## Source data
--------------------------------------------------

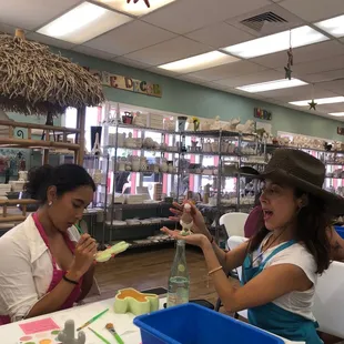 Wow... looking for something for the kids to do on a not so nice day on vacation...Well unless you want to spend a fortune I would not suggest coming here.They do have quite a few things to choose from but the costs on them is pretty crazy! Most of these things you could buy at these prices for completely finished pieces... maybe even less!The space is big... but it was pretty warm in here... and stale... really could have used some air movement.The two young ladies attending to the place were nice but they gave zero direction to our kids on what to do... luckily we have done this kind of thing before... we knew what to do.For the cost... I'd shy away from this location unless you just have money to burn.
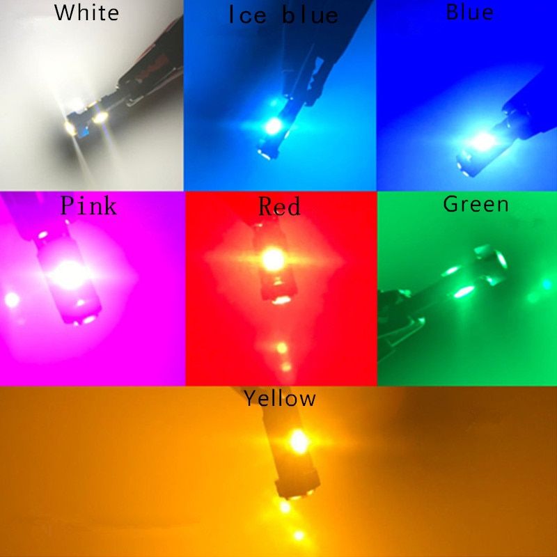 1X 10pcs T5 Car Auto 3smd 3030 Wedge LED Light Bulb Lamp Dash Board Instrument Pink Ice Blue Red Yellow Green
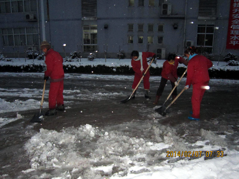 2月7日早晨6:00,大家不顧寒冷,早早來到單位,拿起鐵鍬、掃帚,分工合作,掃的掃、鏟的鏟,干得熱火朝天。積雪松的地方用掃帚推,積雪壓實(shí)的地方就用鐵鍬一點(diǎn)點(diǎn)的鏟除,許多人的手和臉被凍得通紅,然而,這一切絲毫沒有影響大家的勞動(dòng)熱情,經(jīng)過兩個(gè)多小時(shí)的奮戰(zhàn),將礦內(nèi)道路上的積雪打掃得干干凈凈,確保了礦井工作人員及車輛的出行安全,受到了礦方職工的好評(píng)及領(lǐng)導(dǎo)的肯定。
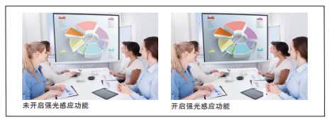 強光感應功能利用內置光線傳感器實時監測環境照明度并實時調節投影圖像亮度和色調,使以往在明亮環境中難以看清的暗部區域細節都可清晰。
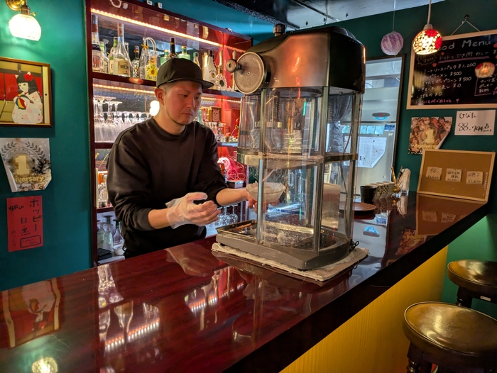 やがてその評判がファンの間にも広まり、バーを借りてかき氷イベントを開催。その後もさまざまな場所で間借り営業を続けるなかで、名店で修業を重ね、ついに「かいごおり」のオープンに至りました。
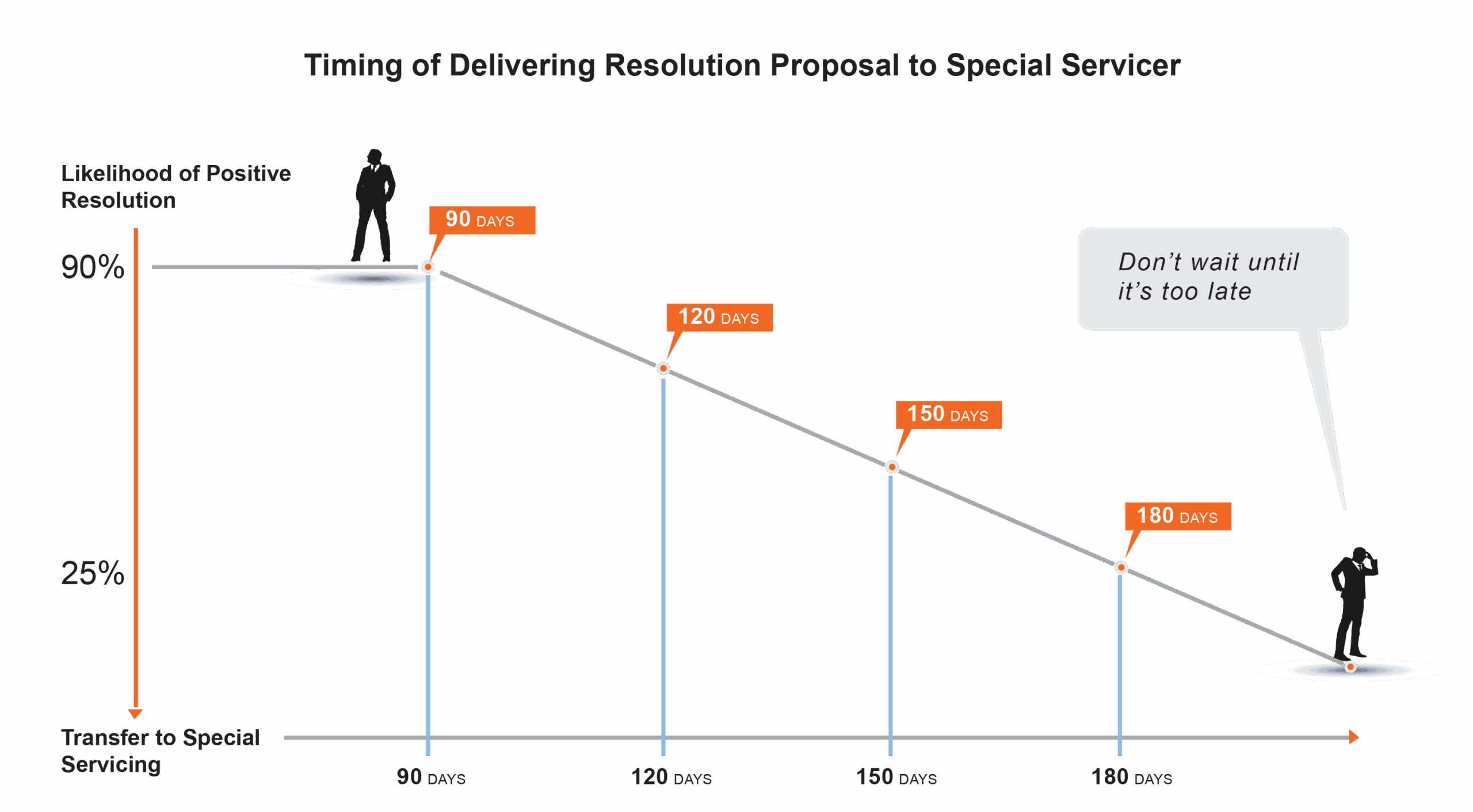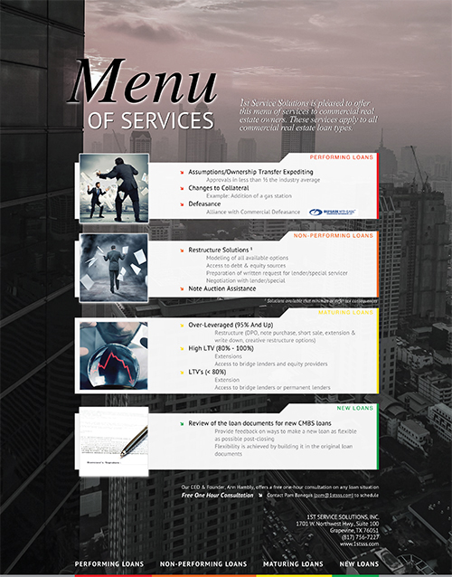 Most borrowers have little understanding of the responsibilities the servicers have. We have both the insight and the experience to help you navigate through the maze of bureaucracy that typifies a loan restructure with a special servicer. What sets 1st Service Solutions apart is that we understand that the restructure of debt is a servicing function. Based on our combined 100+ years of experience in the industry, we can help produce a positive outcome when we negotiate a loan restructure.
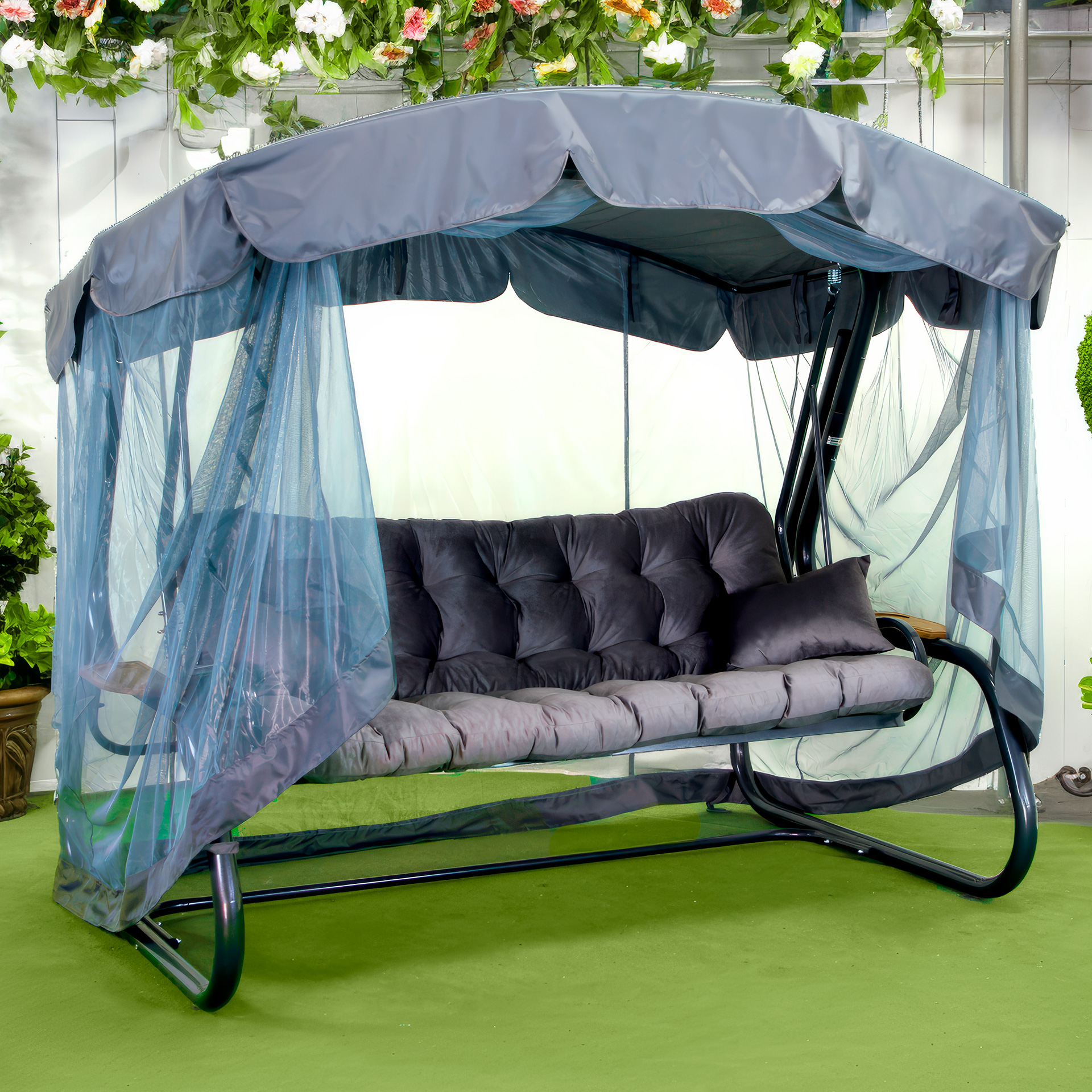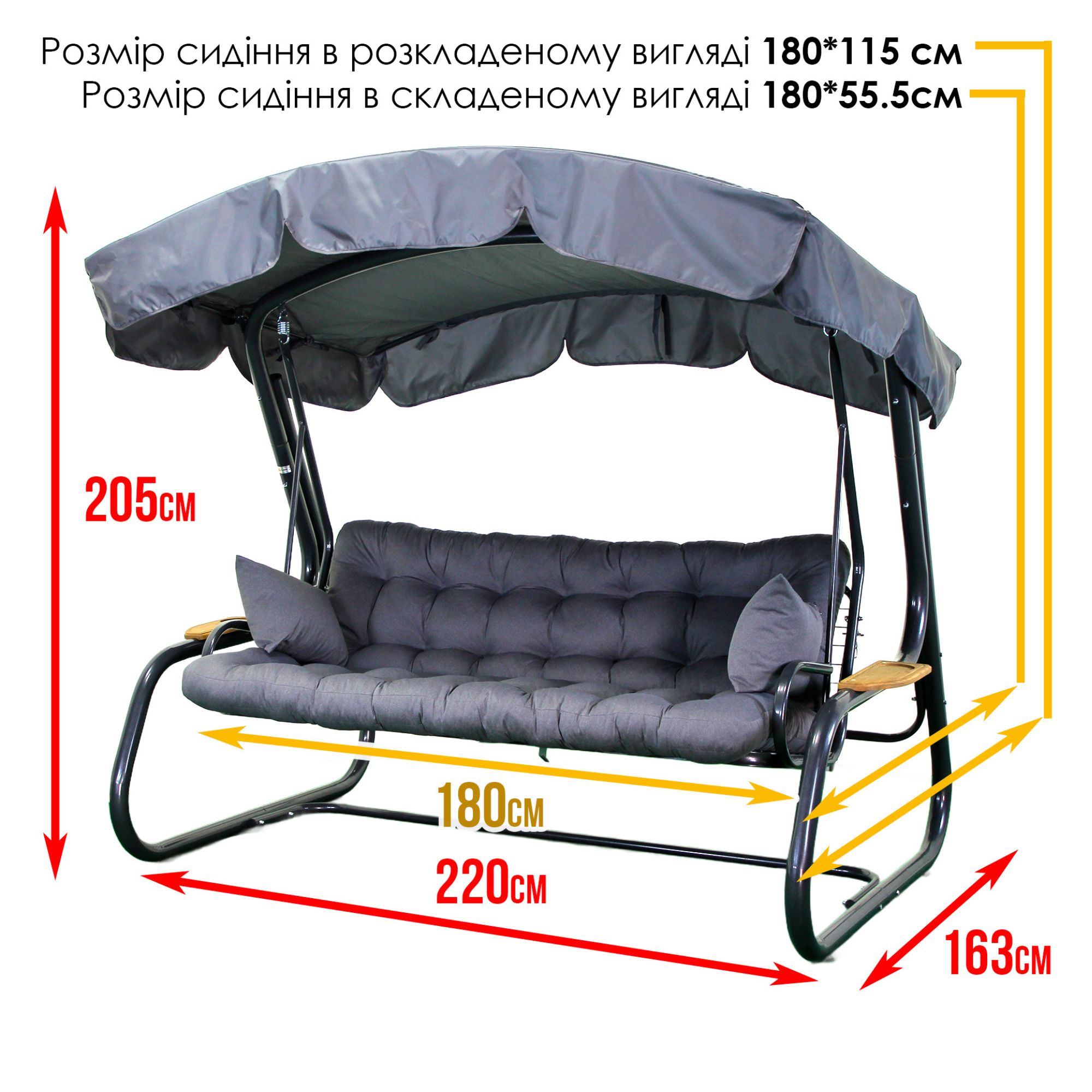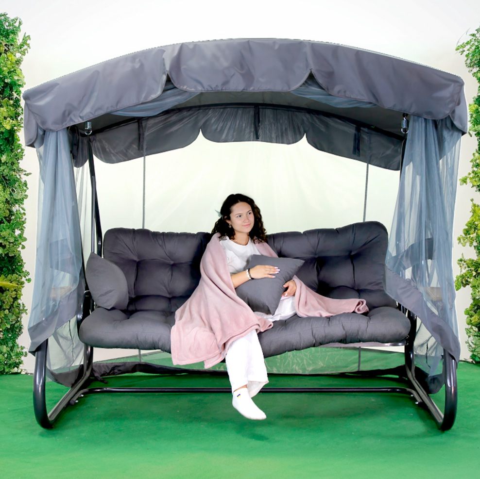 Гойдалка садова має великі габарити і розрахована на 3-4 людей загальною масою до 400 кг.

--------------------------------------------------

## Work item
Everything in the records except the pictures should be retyped exactly.

## Solution below
 Wow... looking for something for the kids to do on a not so nice day on vacation...Well unless you want to spend a fortune I would not suggest coming here.They do have quite a few things to choose from but the costs on them is pretty crazy! Most of these things you could buy at these prices for completely finished pieces... maybe even less!The space is big... but it was pretty warm in here... and stale... really could have used some air movement.The two young ladies attending to the place were nice but they gave zero direction to our kids on what to do... luckily we have done this kind of thing before... we knew what to do.For the cost... I'd shy away from this location unless you just have money to burn.
 1X 10pcs T5 Car Auto 3smd 3030 Wedge LED Light Bulb Lamp Dash Board Instrument Pink Ice Blue Red Yellow Green
 2月7日早晨6:00,大家不顧寒冷,早早來到單位,拿起鐵鍬、掃帚,分工合作,掃的掃、鏟的鏟,干得熱火朝天。積雪松的地方用掃帚推,積雪壓實(shí)的地方就用鐵鍬一點(diǎn)點(diǎn)的鏟除,許多人的手和臉被凍得通紅,然而,這一切絲毫沒有影響大家的勞動(dòng)熱情,經(jīng)過兩個(gè)多小時(shí)的奮戰(zhàn),將礦內(nèi)道路上的積雪打掃得干干凈凈,確保了礦井工作人員及車輛的出行安全,受到了礦方職工的好評(píng)及領(lǐng)導(dǎo)的肯定。
 強光感應功能利用內置光線傳感器實時監測環境照明度并實時調節投影圖像亮度和色調,使以往在明亮環境中難以看清的暗部區域細節都可清晰。
 やがてその評判がファンの間にも広まり、バーを借りてかき氷イベントを開催。その後もさまざまな場所で間借り営業を続けるなかで、名店で修業を重ね、ついに「かいごおり」のオープンに至りました。
 Most borrowers have little understanding of the responsibilities the servicers have. We have both the insight and the experience to help you navigate through the maze of bureaucracy that typifies a loan restructure with a special servicer. What sets 1st Service Solutions apart is that we understand that the restructure of debt is a servicing function. Based on our combined 100+ years of experience in the industry, we can help produce a positive outcome when we negotiate a loan restructure.
 Гойдалка садова має великі габарити і розрахована на 3-4 людей загальною масою до 400 кг.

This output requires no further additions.